Exceptional velocity

Just declare transformation in dataflow with ~100 lines of python

# import
data['content'] = flow_builder.add_source(...)

# transform
data['out'] = data['content']
    .transform(...)
    .transform(...)

# collect data
collector.collect(...)

# export to db, vector db, graph db ...
collector.export(...)

CocoIndex follows the idea of Dataflow programming model. Each transformation creates a new field solely based on input fields, without hidden states and value mutation. All data before/after each transformation is observable, with lineage out of the box.

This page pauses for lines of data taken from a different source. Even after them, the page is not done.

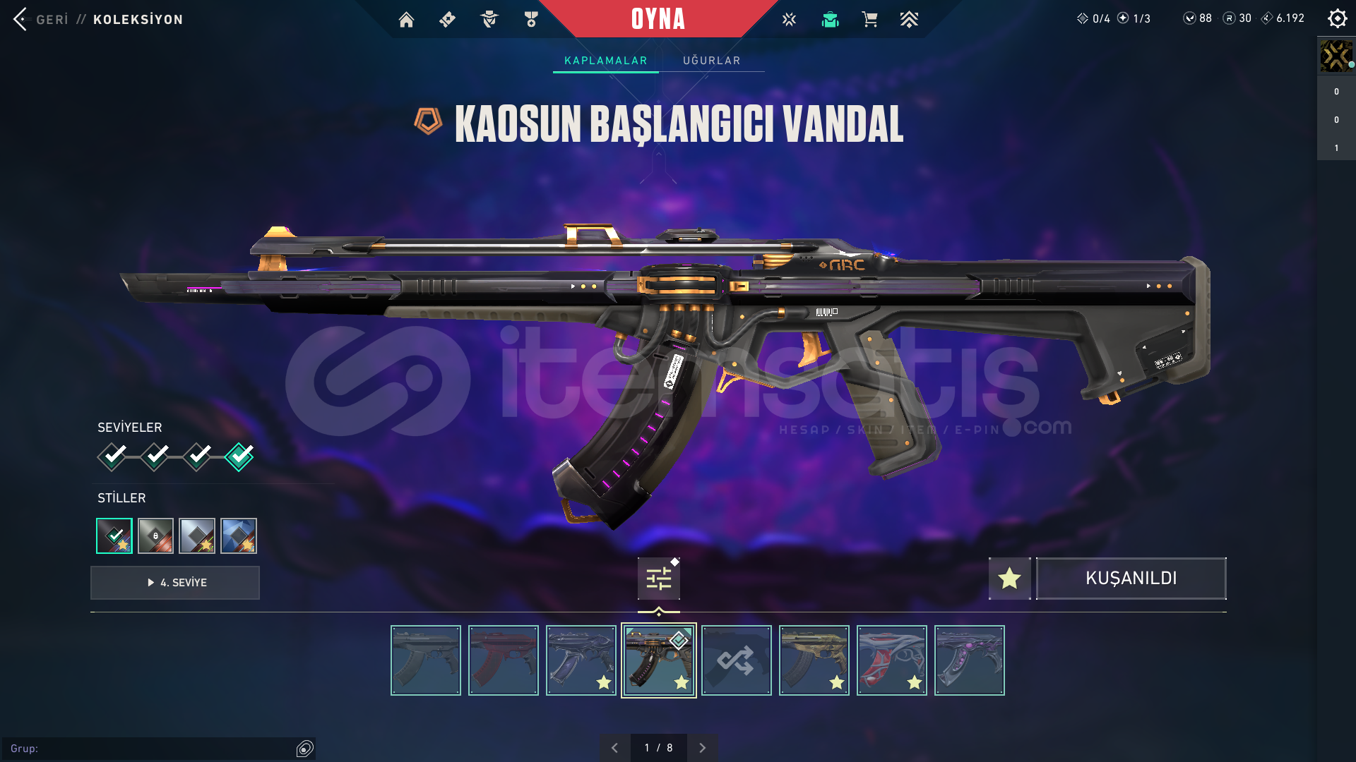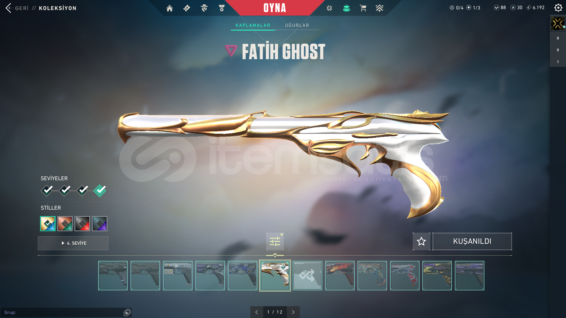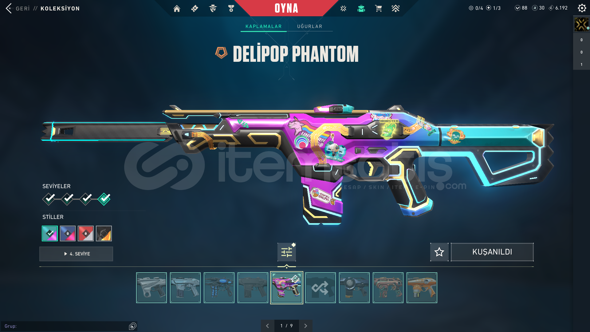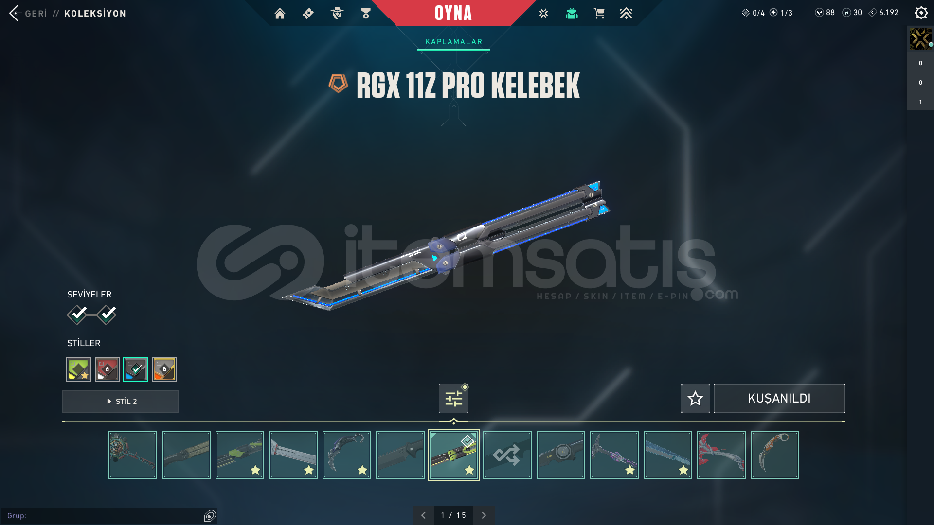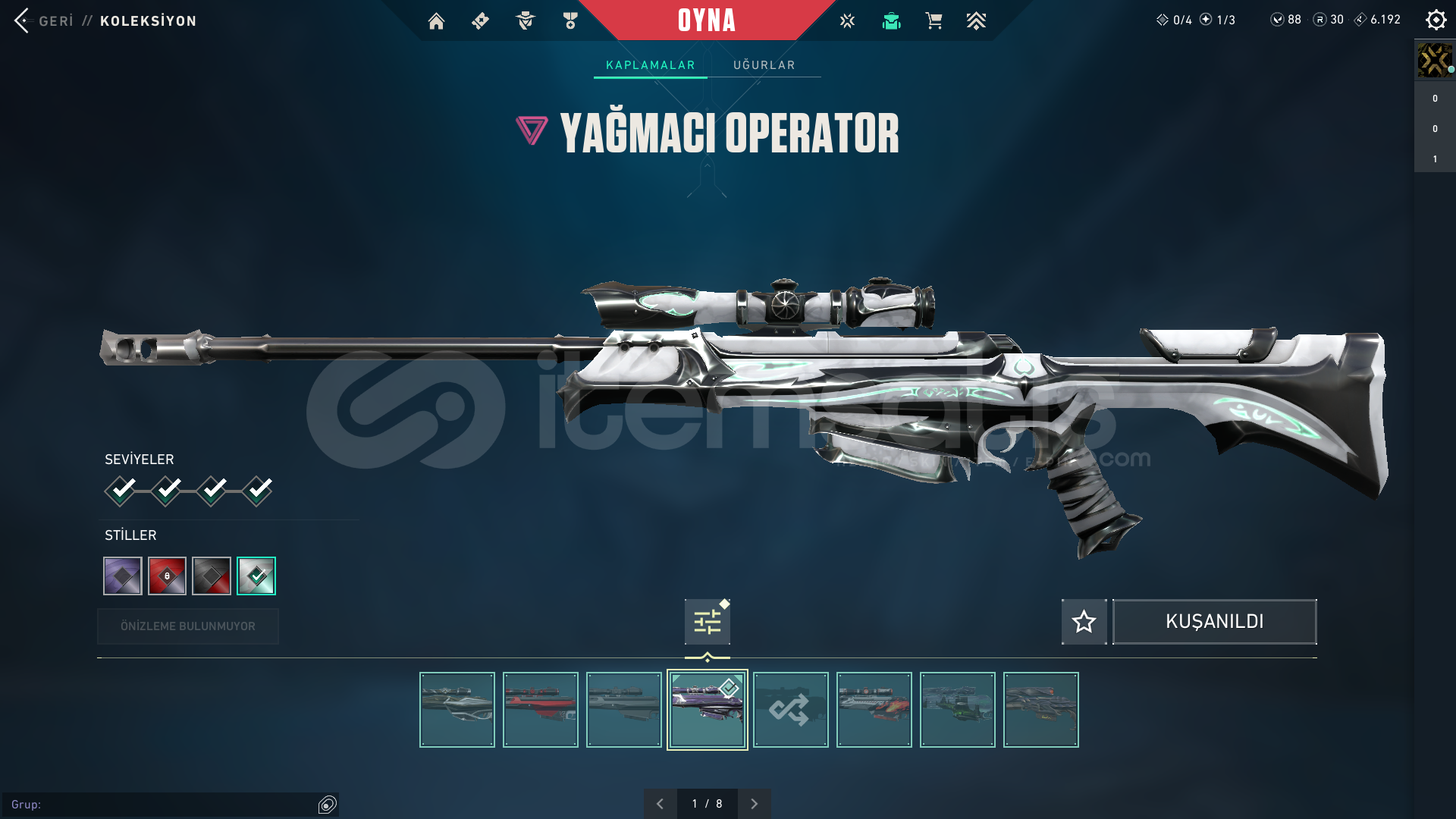 Classıc : Asil ClassıcFrenzy : Asil FrenzyGhost : Gaia - Yağmacı - Fatih GhostSheriff : Protocol SheriffSpectre : Asil SpectrePhantom : Delipop - İyon - Sarmal - Radyant Krizi PhantomVandal : Kaos - Gaia - Yağmacı VandalMarshal : Gaia MarshalOperator : Ejder - Yağmacı - Çarpaşık Alemler OperatorBıçak : RGX Kelebek - RGX Katana - Özel Harekat Kelebek - Yağmacı Karambit - Gaia Hiddeti - Kaosun kılıc&...
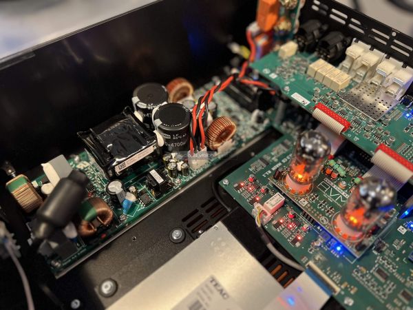 A belső is szemet gyönyörködtető, az árnyékolt kapcsolóüzemű táptól kezdve a moduláris felépítés magasiskoláját idéző egységekig, a Pascal-tól érkezett erősítő modult, illetve a gyönyörűen kivitelezett csöves megoldást is beleértve az előfok szekcióban. A TEAC CD futómű is korrekt, egy all-in-one készülékben nem kívánhatunk szebbet, jobbat.
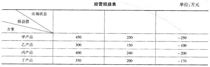 问题 共用题干 国内某手机生产企业将目标顾客定位于年轻购买者群体,专门生产具有较强娱乐功能的智能手机产品,取得了良好的市场效果。该企业以控股的形式,获取另一手机生产商60%的股权,企业实力明显加强。为增加经营收入,该企业以贴牌生产的形式与某国际知名手机生产商建立战略联盟,生产新型智能手机产品。新型手机产品方案共有甲产品、乙产品、丙产品和丁产品四种可供选择。每种产品方案均存在着畅销、一般、滞销三种市场状态。每种方案的市场状态及损益值见下表:
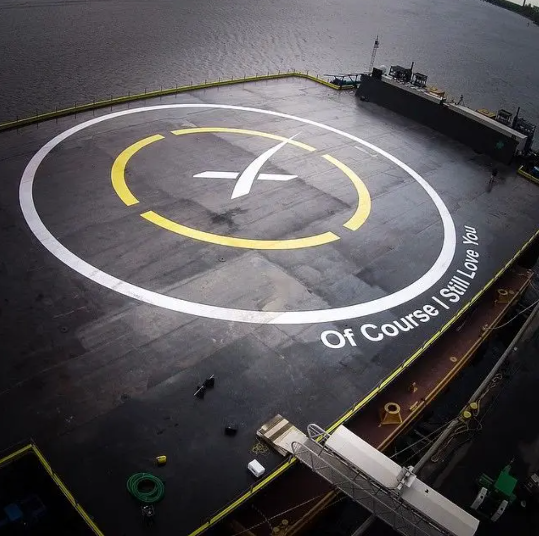 可重复发射系统:通过改造驳船,使其变成无人驾驶着陆台,能够配合火箭精准着陆。让人印象最深地莫过于位于大西洋的一个自主无人船,它有个浪漫的名字“of course I still love you”。除了驳船,SpaceX还在改造钻井平台,试图将它们建成浮动发射平台,为发射星舰做准备。

Particularly, developers don't explicitly mutate data by creating, updating and deleting. They just need to define transformation/formula for a set of source data.

Build like LEGO

Native builtins for different source, targets and transformations. Standardize interface, make it 1-line code switch between different components.

CocoIndex Features

Data Freshness

CocoIndex keep source data and target in sync effortlessly.

Incremental Processing

It has out-of-box support for incremental indexing:

  • minimal recomputation on source or logic change.
  • (re-)processing necessary portions; reuse cache when possible

Quick Start:

If you're new to CocoIndex, we recommend checking out

Setup

  1. Install CocoIndex Python library
pip install -U cocoindex
  1. Install Postgres if you don't have one. CocoIndex uses it for incremental processing.

Define data flow

Follow Quick Start Guide to define your first indexing flow. An example flow looks like:

@cocoindex.flow_def(name="TextEmbedding")
def text_embedding_flow(flow_builder: cocoindex.FlowBuilder, data_scope: cocoindex.DataScope):
    # Add a data source to read files from a directory
    data_scope["documents"] = flow_builder.add_source(cocoindex.sources.LocalFile(path="markdown_files"))

    # Add a collector for data to be exported to the vector index
    doc_embeddings = data_scope.add_collector()

    # Transform data of each document
    with data_scope["documents"].row() as doc:
        # Split the document into chunks, put into `chunks` field
        doc["chunks"] = doc["content"].transform(
            cocoindex.functions.SplitRecursively(),
            language="markdown", chunk_size=2000, chunk_overlap=500)

        # Transform data of each chunk
        with doc["chunks"].row() as chunk:
            # Embed the chunk, put into `embedding` field
            chunk["embedding"] = chunk["text"].transform(
                cocoindex.functions.SentenceTransformerEmbed(
                    model="sentence-transformers/all-MiniLM-L6-v2"))

            # Collect the chunk into the collector.
            doc_embeddings.collect(filename=doc["filename"], location=chunk["location"],
                                   text=chunk["text"], embedding=chunk["embedding"])

    # Export collected data to a vector index.
    doc_embeddings.export(
        "doc_embeddings",
        cocoindex.targets.Postgres(),
        primary_key_fields=["filename", "location"],
        vector_indexes=[
            cocoindex.VectorIndexDef(
                field_name="embedding",
                metric=cocoindex.VectorSimilarityMetric.COSINE_SIMILARITY)])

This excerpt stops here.